Auch in Deutschland klappt es nicht: "Jeder Zweite weiß nicht, wie die Rettungsgasse funktioniert", titelte am gestrigen Mittwoch dieWestdeutsche Allgemeine. "Keine Rettungsgasse: Bundesverkehrsminister Dobrindt will höhere Strafen", heißt es beiretter.tv. Oder ebenfalls von Mittwoch, passiert bei Regensburg: "Lastwagen zieht in Rettungsgasse und kracht gegen Rettungswagen."

"Sehr gefährliche Situation"

Dass in Österreich die Rettungsgasse kaum funktioniert, prophezeite ein ministeriumsinternes Papier schon acht Jahre vor deren Einführung. Sie wurde als "sehr gefährliche Situation" und "nicht sinnvoll" beschrieben. Es "kann nicht nachvollziehbar behauptet werden, dass sie gegenüber der geltenden Rechtslage eine Verbesserung bringen würde", schrieb die zuständige Abteilung im Verkehrsministerium. Der ARBÖ hatte im Vorfeld seine Pannenfahrer befragt, ob sie jemals am Pannenstreifen behindert wurden: "Es gab keine einzige Meldung, dass es da ein Problem gab", sagt eine damalige ARBÖ-Führungskraft.

Die vier Minuten

Dennoch wurde bereits vor der Einberufung einer Expertenkommission eine millionenteure Werbekampagne in die Wege geleitet. Mehrere Mitglieder des Gremiums sprachen von "starkem politischen Druck" für die Einführung und dass dies "eine ausgemachte Sache" war. Ein Beamter, der gegen die Maßnahme war, war ab der zweiten Sitzung plötzlich nicht mehr dabei. Im Verkehrsministerium rechtfertigte man sich später, dass ein Papier der Asfinag die vier Minuten Zeitersparnis belegt habe. Tatsächlich war dies eine Behauptung des Roten Kreuz, die aus angeblichen Plaudereien mit deutschen Kollegen stammte, wie der KURIER aufdeckte.
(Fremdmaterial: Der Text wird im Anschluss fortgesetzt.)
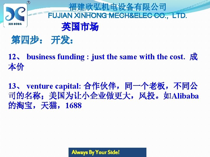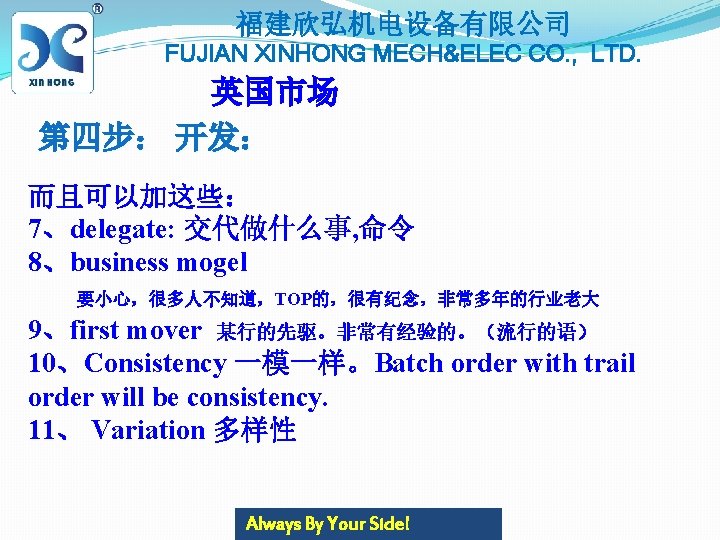 福建欣弘机电设备有限公司 FUJIAN XINHONG MECH&ELEC CO. , LTD. 英国市场 回复 3、PEOPLE PERSON: MR MIKE LEE IS OUR SALES MANAGER, HE IS REAL PEOPLE PERSON. 优秀人 4、Crunch the number: After Crunching the numbers the big boss informed me that we can’t accept your target price. 多次核算,真的没办法达到你的目标价 Always By Your Side!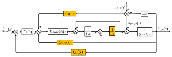 The active capacitor current damping method is commonly used to suppress the LCL resonance peak. However, to avoid the additional use of current sensors, a grid current active damping method is proposed. Figure 5 illustrates the system block diagram of the active grid current damping method, where the proportional feedback factor is represented by KAD.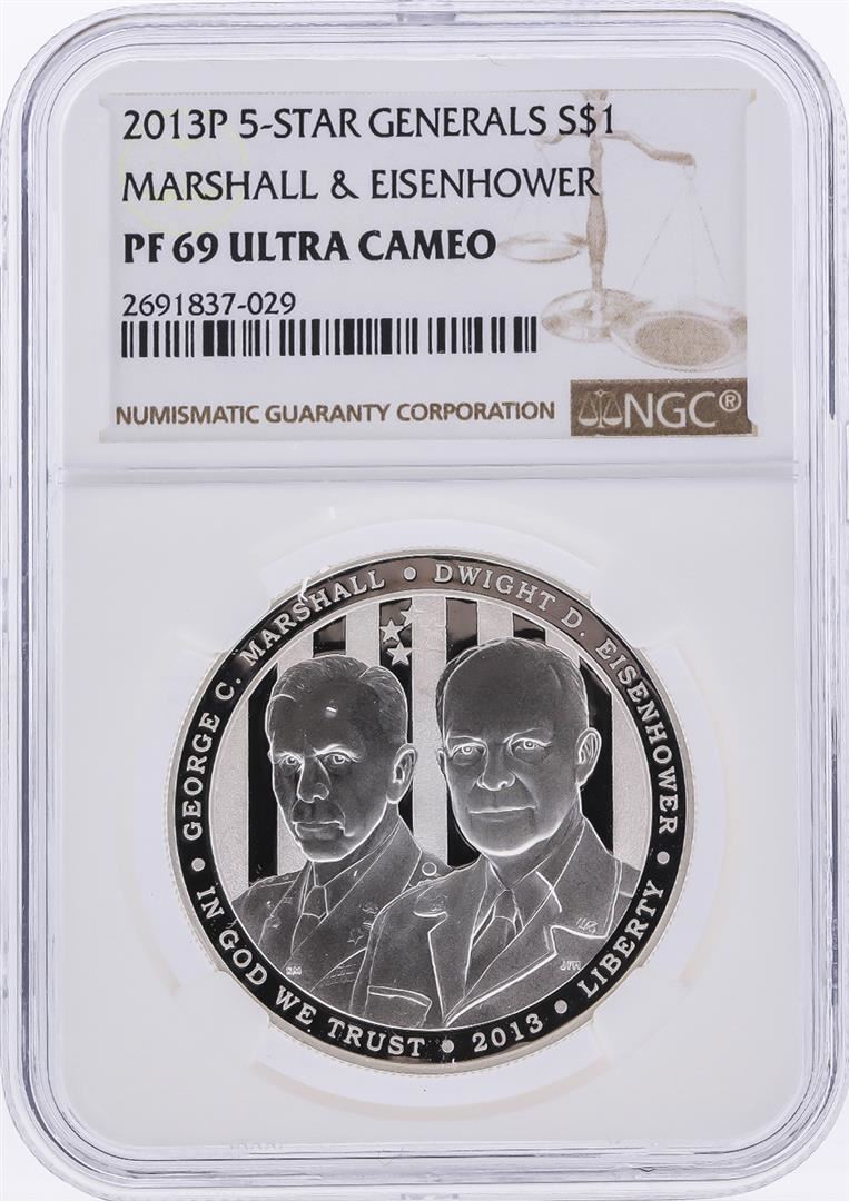 One 2013-P $1 5-Star Generals Marshall & Eisenhower NGC PF69 Ultra Cameo. NGC Certified.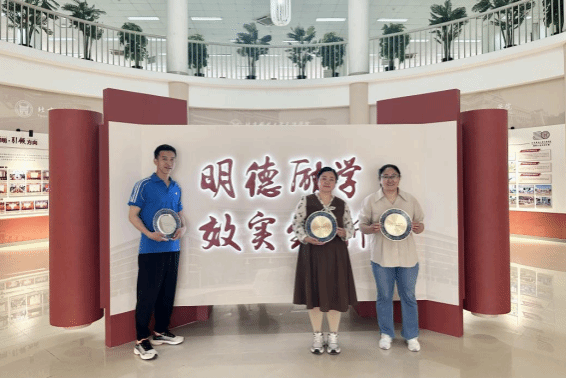 會后,學(xué)院在社科圖書館為全體獲獎教師頒發(fā)獎盤。獲獎教師們難掩喜悅,紛紛手捧榮光,參觀20周年校史展覽并與之合影留念。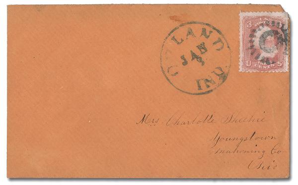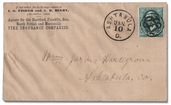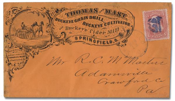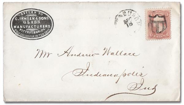Shield with 3 Bars, Open Top of Pittsburgh, Pa. (Skinner-Eno PS-O 9), choice early, "socked-on-the-nose" impression on a 3¢ rose (65) (not tied) alongside a partial Dec 18 Pittsburgh c.d.s. on a cameo-style advertising cover for C. Ihmsen & Sons Glass Manufacturers; top flap missing. (Image)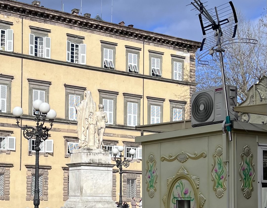Anche la giostra con una bella antenna è aria condizionata in bella vista ! Come mia a Firenze in piazza della repubblica so no ben più attenti mentre a Lucca tutto è permesso o c’è se ne frega altamente !

Der Rechnungshof sah im Endeffekt hohe Kosten bei keinem erkennbaren Nutzen. Die Grüne Gabriela Moser bezeichnete die Rettungsgasse lapidar als "Honorar-Produktionsmaschine für parteinahe Agenturen".

Als Fazit nach gut fünf Jahren bleibt übrig: Eine Rettung für die Rettungsgasse scheint nicht mehr möglich.